• **Problem statement**: Go to the line with "유정복 인천시장이 17일" in the entries below and write out every line from there through the line with "ミニ丈、Aラインシルエットが", exactly and without pictures.

START Input data

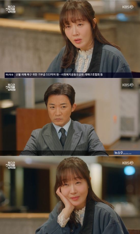 30일 방송된 KBS 주말드라마 '독수리 5형제를 부탁해!'(이하 '독수리 5형제') 18회에서는 마광숙(엄지원 분)이 한동석(안재욱)에게 주정을 부리고 사과한 모습이 그려졌다.
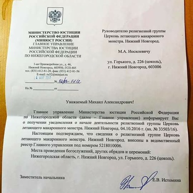 Интересно, что Иосилевич по совместительству является главой нижегородского отделения "Церкви летающего макаронного монстра" - это международная квазицерковная организация, которая в России пародирует и высмеивает РПЦ. Но имеет официальный статус церкви.
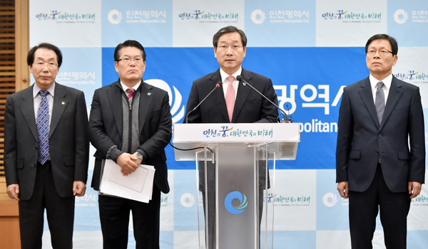 유정복 인천시장이 17일 시청 영상회의실에서 검단 스마트시티 협상 종료 기자회견을 하고 있다. /인천시 제공
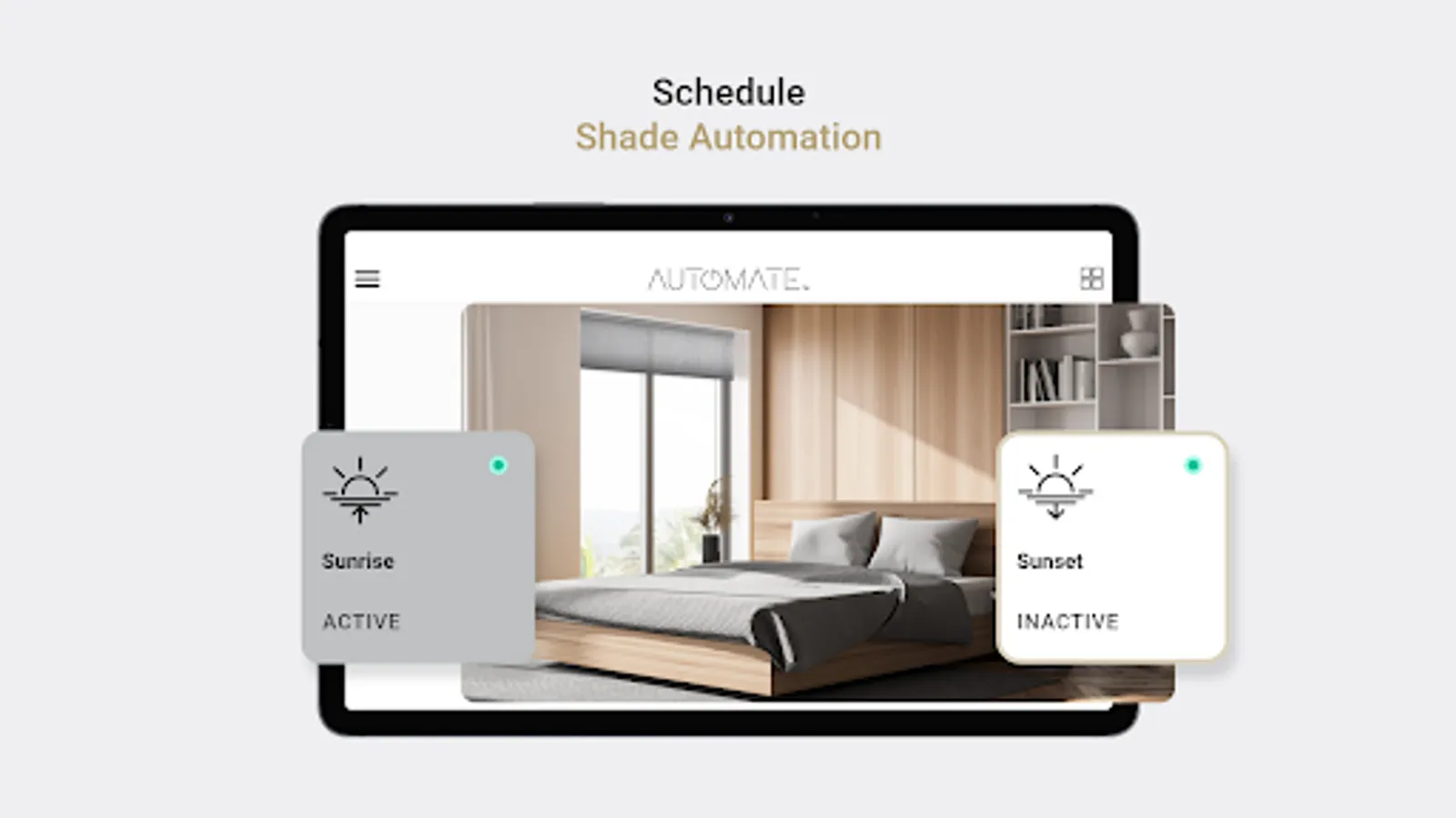 Utilizing your home’s time zone and location, the Pulse 2 can automatically raise or lower your Automate shades according to the position of the sun. Set a ‘Morning’ scene and watch all your shades promptly rise when you start your day, or create an “Evening” scene that will dynamically alter based on the sunset in your location.
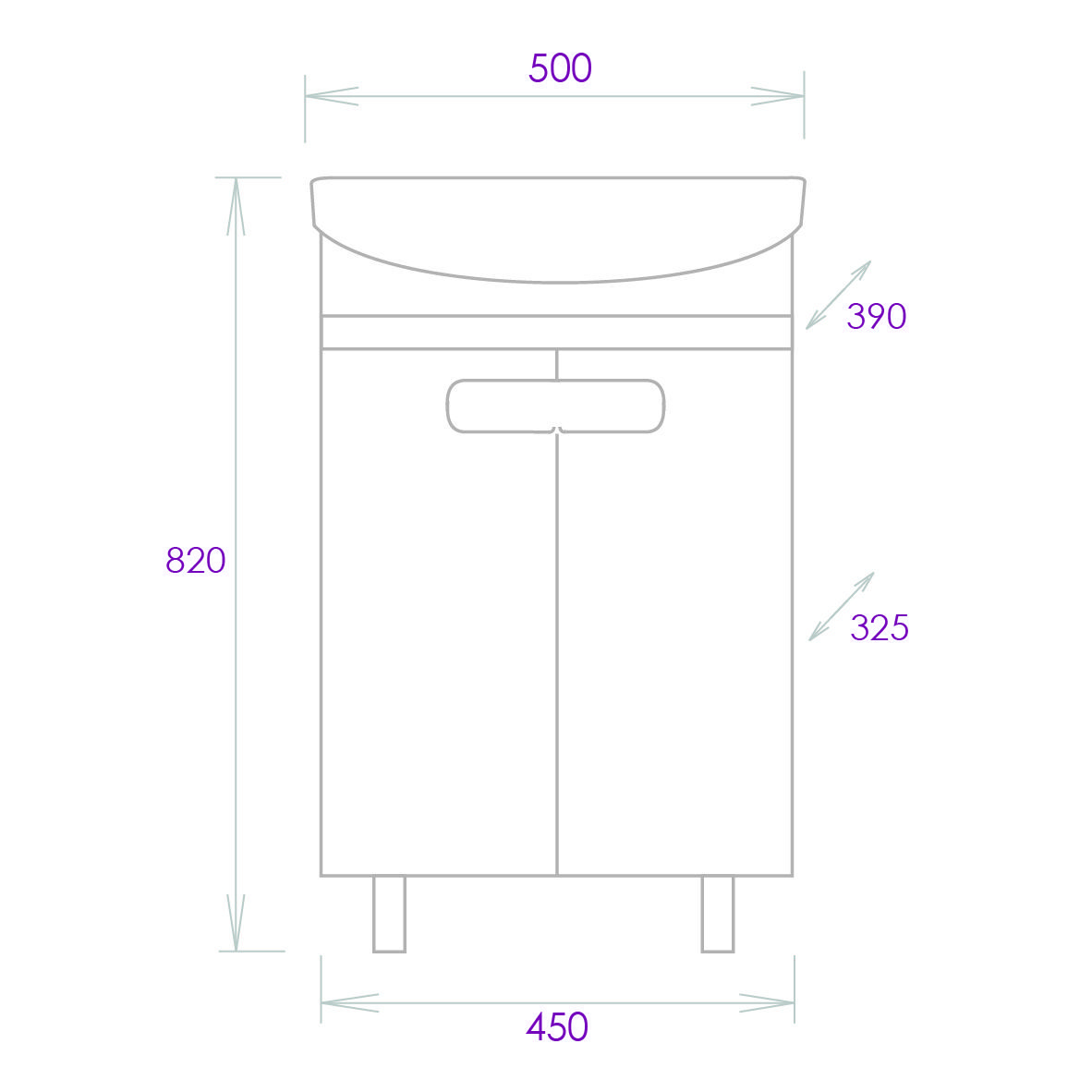 Тумба Харпер 50 с умывальником Carina-50 напольная белая глянцевая
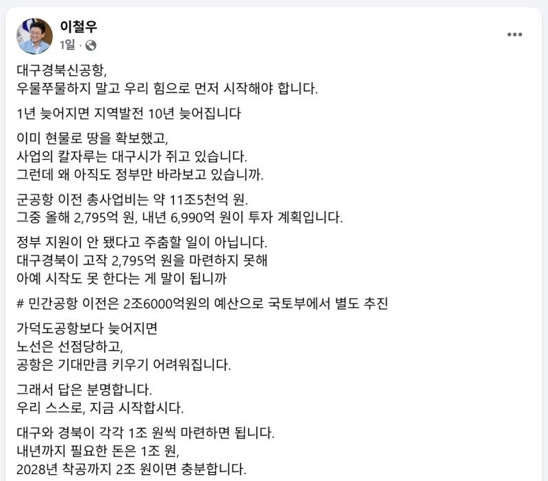 그의 이번 글은 장기간 표류한 대구·경북 신공항 사업을 둘러싸고 대구시에 결단을 촉구하는 공개 메시지로 풀이된다.
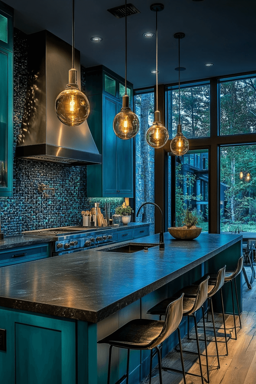Rich dimension takes center stage when blue green kitchen cabinets reflect deep ocean-inspired hues. The darker color introduces depth without overwhelming the room. Paired with matte black or brushed metal hardware, the look feels modern and grounded. These cabinets perform beautifully in both compact kitchens and open-concept layouts. The result feels dramatic yet serene.
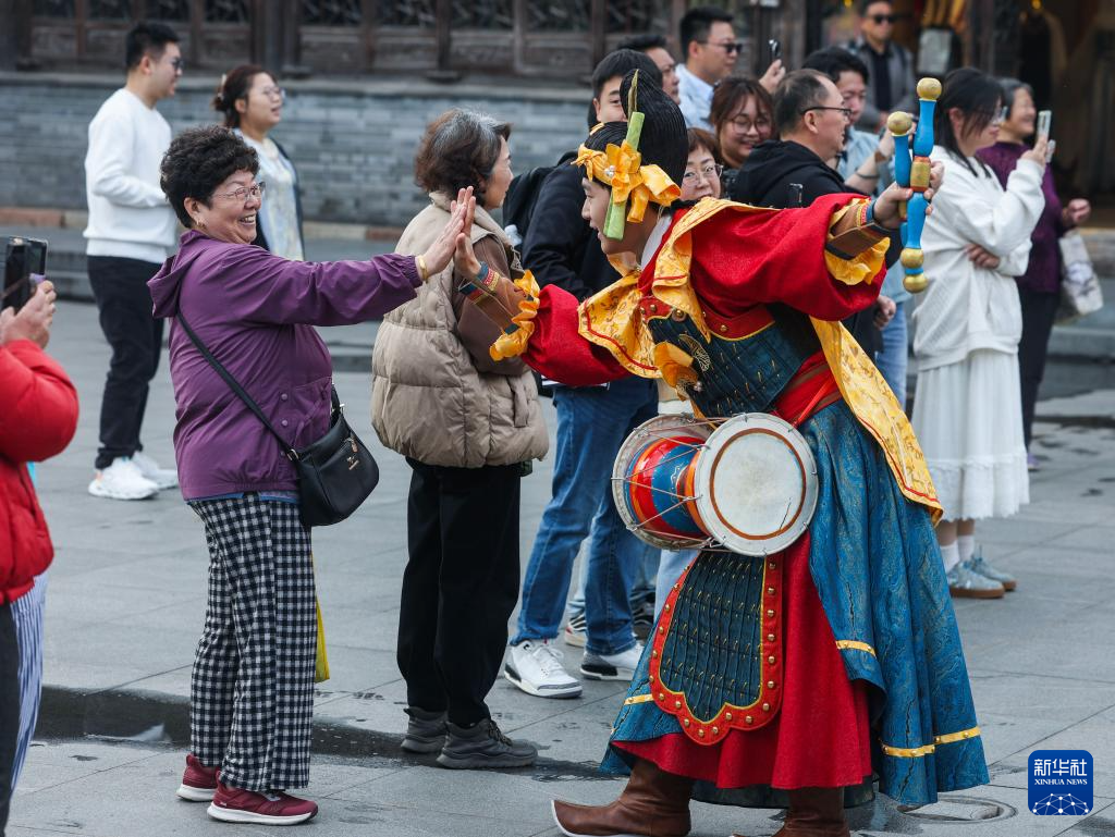 4月1日,参加乌镇香市蚕花盛会的巡游演员在古镇的街市上与游客互动。
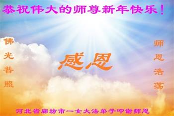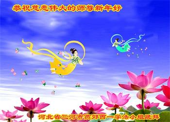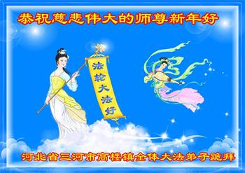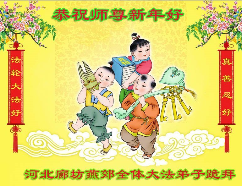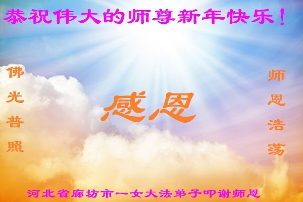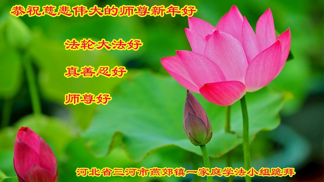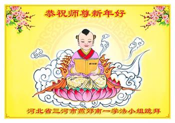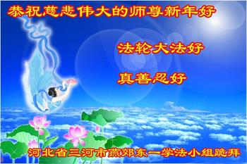 恭祝慈悲伟大的师尊新年好! 法轮大法好!真善忍好!师尊好! 河北省三河市燕郊镇一家庭学法小组大法弟子敬上 河北省廊坊市三河市燕郊镇一学法小组大法弟子恭祝慈悲伟大的师尊新年好!
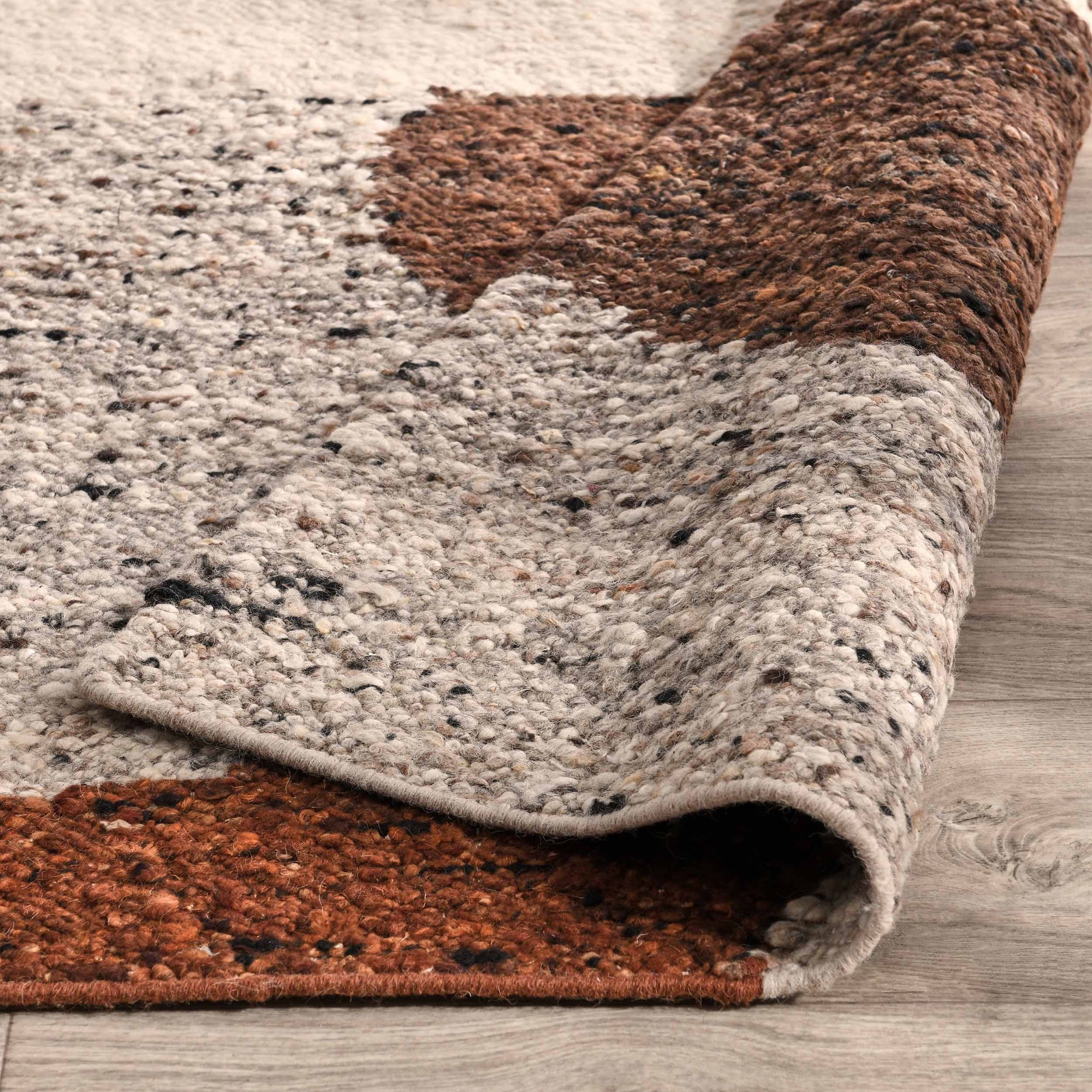 The Hesperia Rug is full of visual energy, a handwoven rug featuring a modern abstract pattern accentuated with rich texture and contrast. Hand-carded wool fabric gives this artisanal rug a lofty look and feel, while also imparting a variegated tonal effect that complements most palettes. Wool ensures lasting durability while also making this rug an eco-friendly, sustainable choice.
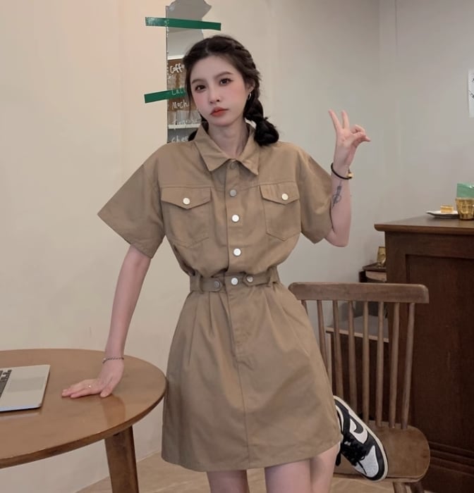 ミニ丈、Aラインシルエットが魅力的な一着です。襟付きデザインやウエストマークが女性らしさを演出してくれます。また、ポケット付きで機能性もバツグン。カジュアルにもラフにも着こなせるので、幅広いシーンで活躍できます。
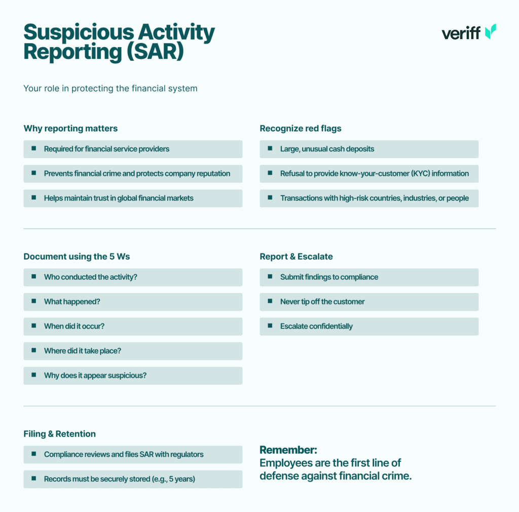 Filing a suspicious activity report (SAR) is a legal obligation for financial service providers in most jurisdictions. Failure to report suspicious activity can lead to severe penalties, reputational damage, and even criminal liability. This guide ensures your employees understand their role in detecting, documenting, and reporting suspicious activity.
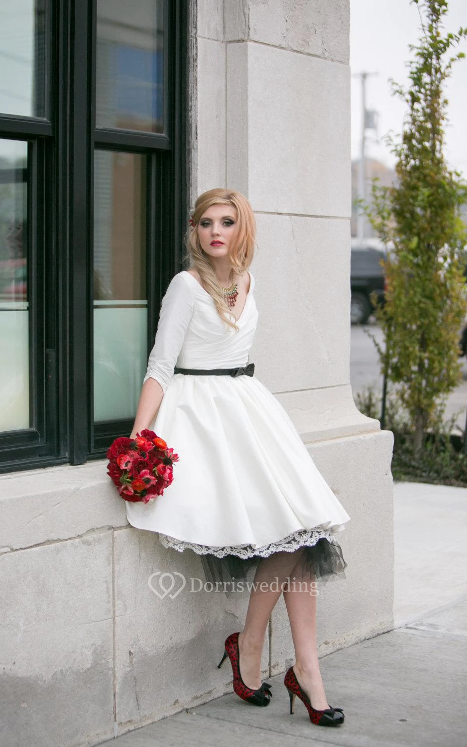 • Hemline/Train: Tea-length
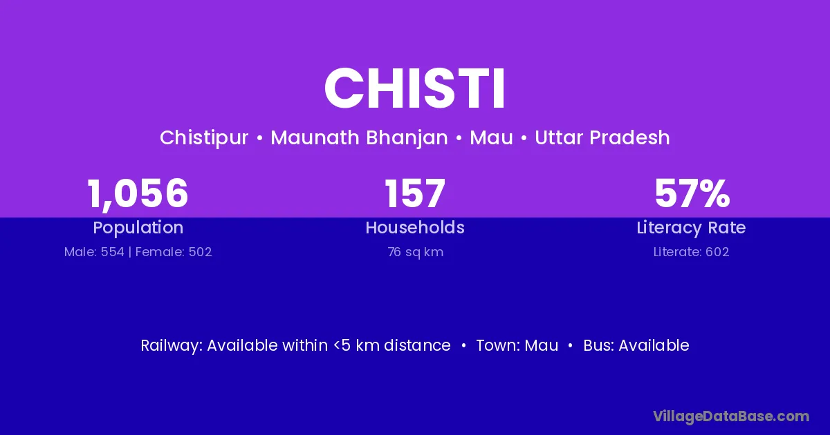 Chisti village has a total population of 1,056 people, of which 554 are males and 502 are females.

END Input data

• **Answer section**:
 유정복 인천시장이 17일 시청 영상회의실에서 검단 스마트시티 협상 종료 기자회견을 하고 있다. /인천시 제공
 Utilizing your home’s time zone and location, the Pulse 2 can automatically raise or lower your Automate shades according to the position of the sun. Set a ‘Morning’ scene and watch all your shades promptly rise when you start your day, or create an “Evening” scene that will dynamically alter based on the sunset in your location.
 Тумба Харпер 50 с умывальником Carina-50 напольная белая глянцевая
 그의 이번 글은 장기간 표류한 대구·경북 신공항 사업을 둘러싸고 대구시에 결단을 촉구하는 공개 메시지로 풀이된다.
Rich dimension takes center stage when blue green kitchen cabinets reflect deep ocean-inspired hues. The darker color introduces depth without overwhelming the room. Paired with matte black or brushed metal hardware, the look feels modern and grounded. These cabinets perform beautifully in both compact kitchens and open-concept layouts. The result feels dramatic yet serene.
 4月1日,参加乌镇香市蚕花盛会的巡游演员在古镇的街市上与游客互动。
 恭祝慈悲伟大的师尊新年好! 法轮大法好!真善忍好!师尊好! 河北省三河市燕郊镇一家庭学法小组大法弟子敬上 河北省廊坊市三河市燕郊镇一学法小组大法弟子恭祝慈悲伟大的师尊新年好!
 The Hesperia Rug is full of visual energy, a handwoven rug featuring a modern abstract pattern accentuated with rich texture and contrast. Hand-carded wool fabric gives this artisanal rug a lofty look and feel, while also imparting a variegated tonal effect that complements most palettes. Wool ensures lasting durability while also making this rug an eco-friendly, sustainable choice.
 ミニ丈、Aラインシルエットが魅力的な一着です。襟付きデザインやウエストマークが女性らしさを演出してくれます。また、ポケット付きで機能性もバツグン。カジュアルにもラフにも着こなせるので、幅広いシーンで活躍できます。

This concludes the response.